*Problem statement*. From the line that contains "无人机虚拟现实平台场景的构建基于Unreal Engine 4,Unreal" to the final line of the records below, print each line exactly and leave every picture out.

*Given records*.
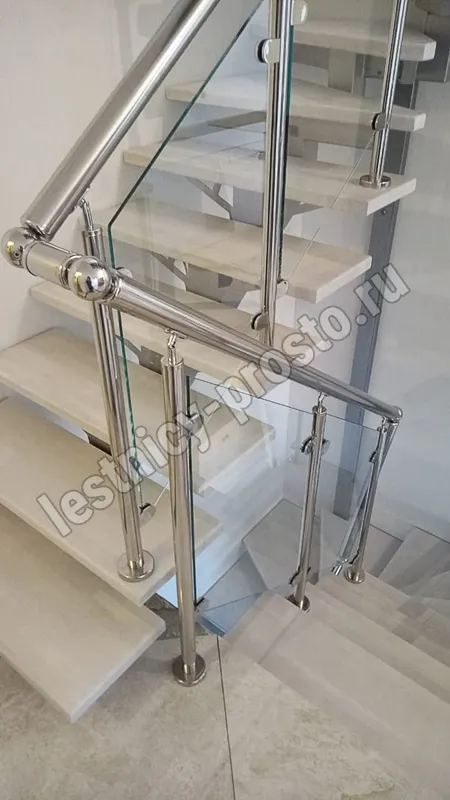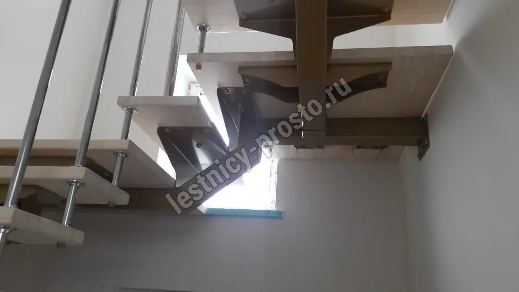 Основой лестницы служит цельносварной центральный косоур, который обеспечивает надёжную прочность конструкции и "парящий" дизайн, лестница с таким каркасом в интерьере смотрится легко и воздушно.
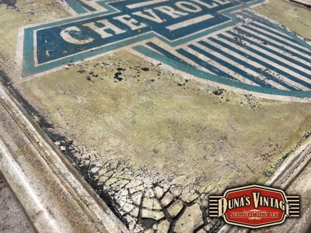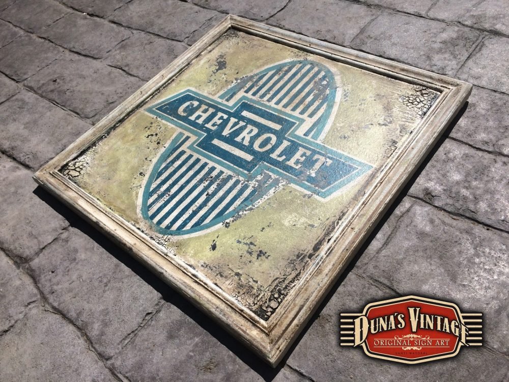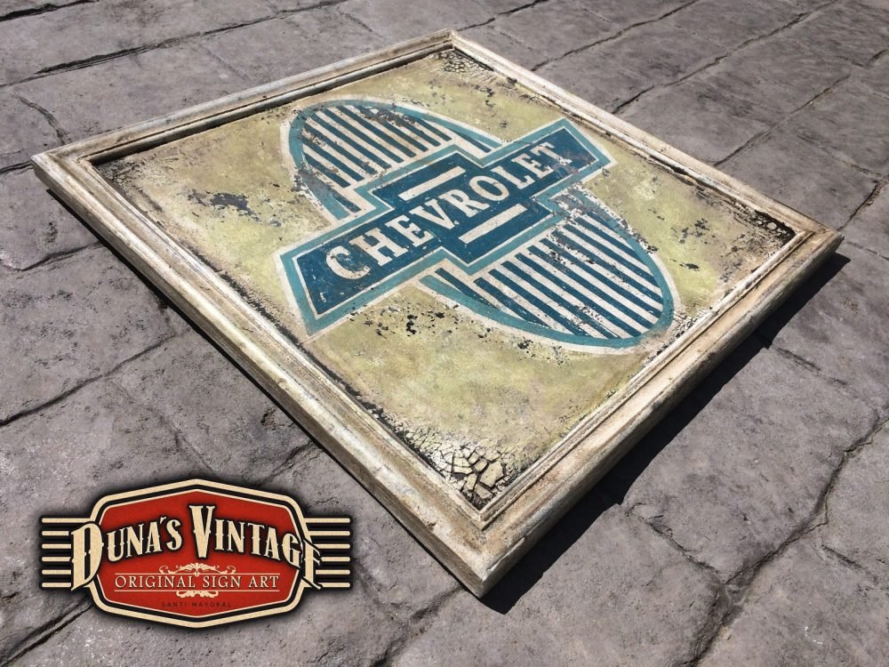 Cartel con el logotipo de Chevrolet del año 1913 tamaño 500x500mm esta trabajado con las técnicas que Duna´s Vintage emplea en sus carteles.
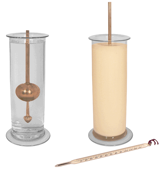 Le galactomètre est en équilibre dans l'eau puis dans le lait pur. Le thermomètre indique une température ambiante égale à 69 °F (échelle Fahrenheit), ce qui correspond à 20,5 °C (échelle Celsius). |
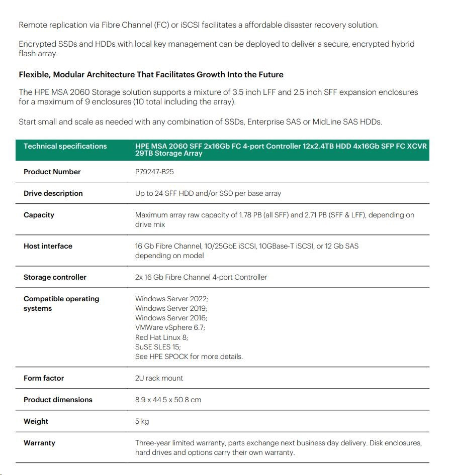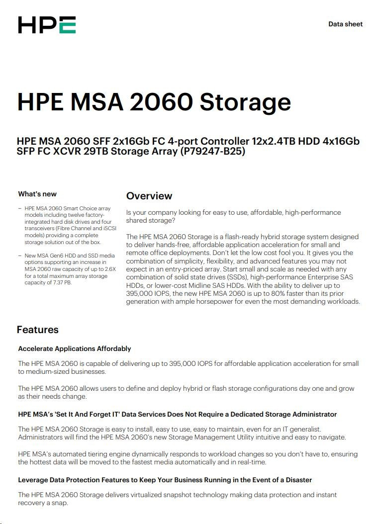 Popis HPE MSA 2060 SFF 2x16Gb FC 4-port Controller 12x2.4TB HDD 4x16Gb SFP FC XCVR 29TB Storage Array Smart Choice
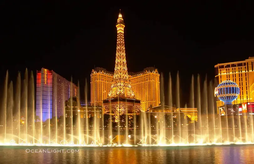 Фонтаны Bellagio это одно из самых известных зрелищ США. Вода музыка и свет синхронизируются в идеальной хореографии каждые тридцать минут вечером.
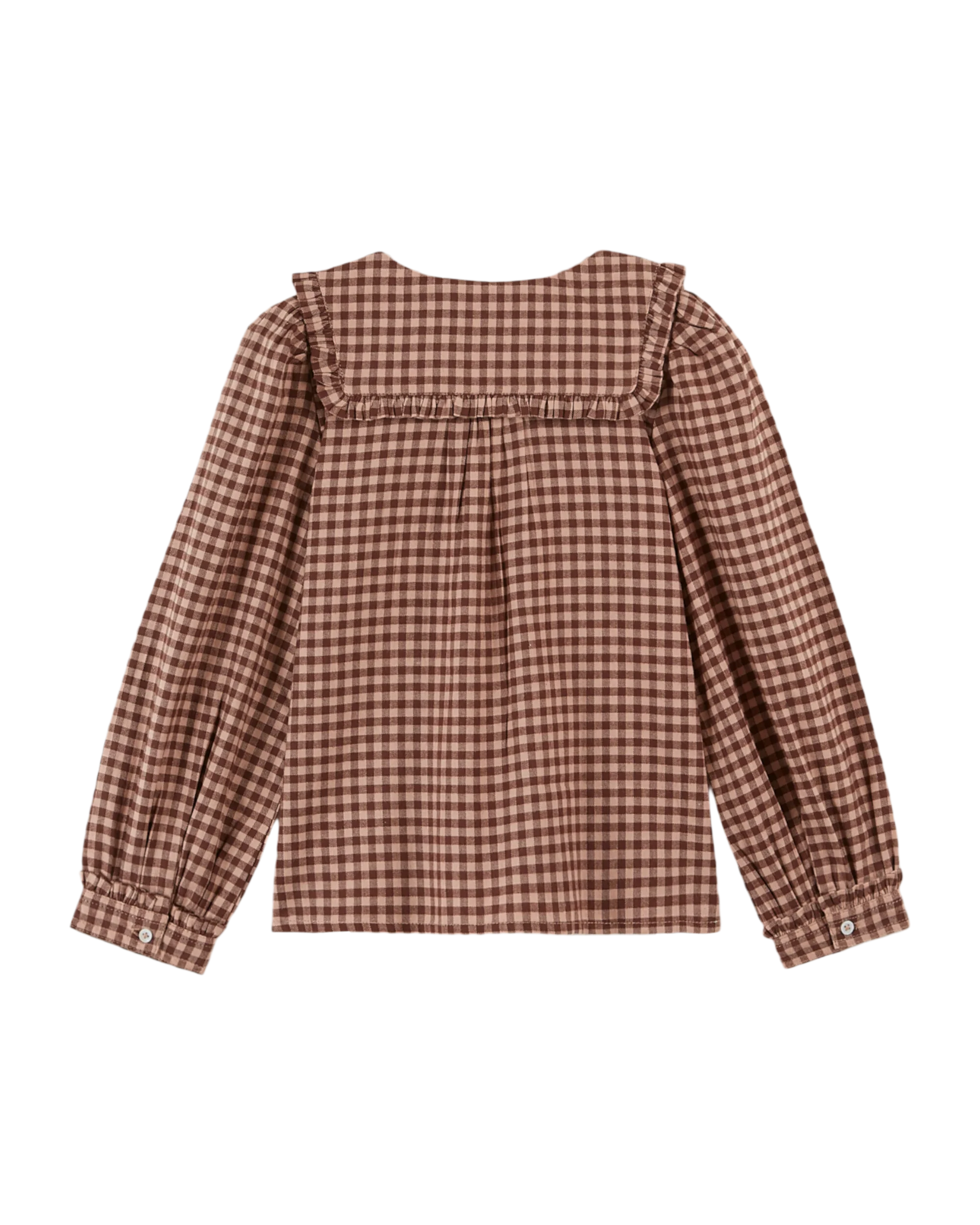 Blouse en coton vichy rose et écru. À l’inverse du dos froncé juste sous l’encolure, le devant de la blouse est délicatement travaillé. Des plis couchés soutenus par un empiècement rythment toute la hauteur et la largeur de la blouse. Ils sont cousus, jusque sous la poitrine puis reprennent leur liberté pour fournir de l’ampleur […]
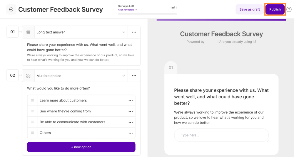 Both polls and surveys can be easily published or activated. After you finished adding all the questions, selecting potential targeting options, and customizing the appearance, you can click on the "Publish" button in the upper right corner.
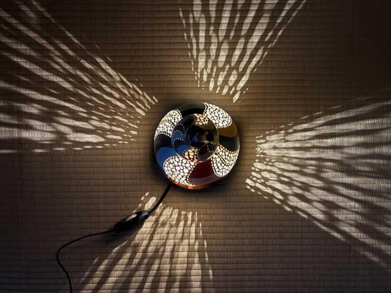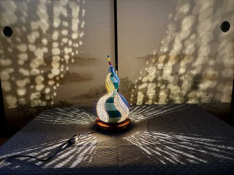 ひょうたんランプは、色彩から細工まで全て手作業。光を灯すと、壁や天井へ広がる陰影が静かな波を描き、空間に幻想的な雰囲気を生み出します。
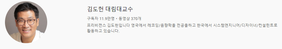 여러분들이 음향에 대해 좀 더 자세히 알고 싶다면 "김도헌 대림대교수" 라는 채널을 꼭 시청해 보세요.
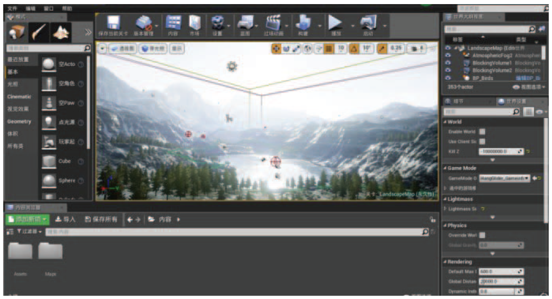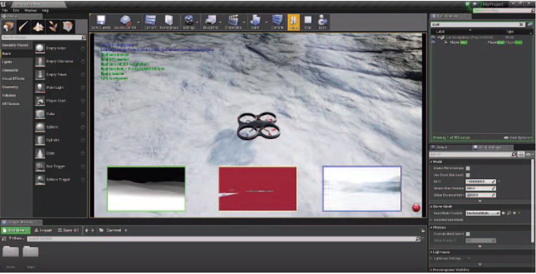 无人机虚拟现实平台场景的构建基于Unreal Engine 4,Unreal Engine 4相比其他引擎在光照和物理渲染方面更胜一筹。无人机深度学习需要准确呈现阴影和光反射等细微的东西,Unreal Engine 4可以更好的实现。EPIC的虚幻商店有很多场景(如:山、街、海平面)可供选择。本文选择了有利于无人机深度学习的“风景山”,“风景山”可以通过虚幻商店免费获取。
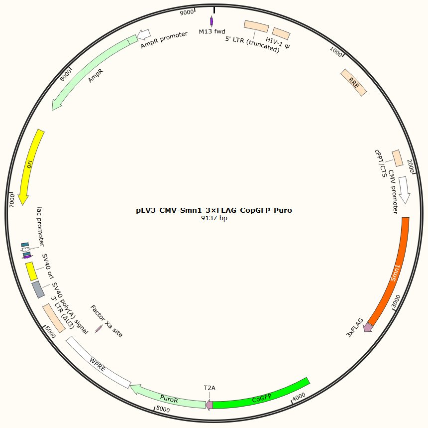 pLV3-CMV-Smn1-3×FLAG-CopGFP-Puro是以基恩科生物自研慢病毒骨架载体pLV3-CMV-MCS-3×FLAG-CopGFP-Puro为骨架载体构建,过表达小鼠Smn1基因,与载体PMD2.G和Pspax2配套进行慢病毒包装。

*Exercise result*.
 无人机虚拟现实平台场景的构建基于Unreal Engine 4,Unreal Engine 4相比其他引擎在光照和物理渲染方面更胜一筹。无人机深度学习需要准确呈现阴影和光反射等细微的东西,Unreal Engine 4可以更好的实现。EPIC的虚幻商店有很多场景(如:山、街、海平面)可供选择。本文选择了有利于无人机深度学习的“风景山”,“风景山”可以通过虚幻商店免费获取。
 pLV3-CMV-Smn1-3×FLAG-CopGFP-Puro是以基恩科生物自研慢病毒骨架载体pLV3-CMV-MCS-3×FLAG-CopGFP-Puro为骨架载体构建,过表达小鼠Smn1基因,与载体PMD2.G和Pspax2配套进行慢病毒包装。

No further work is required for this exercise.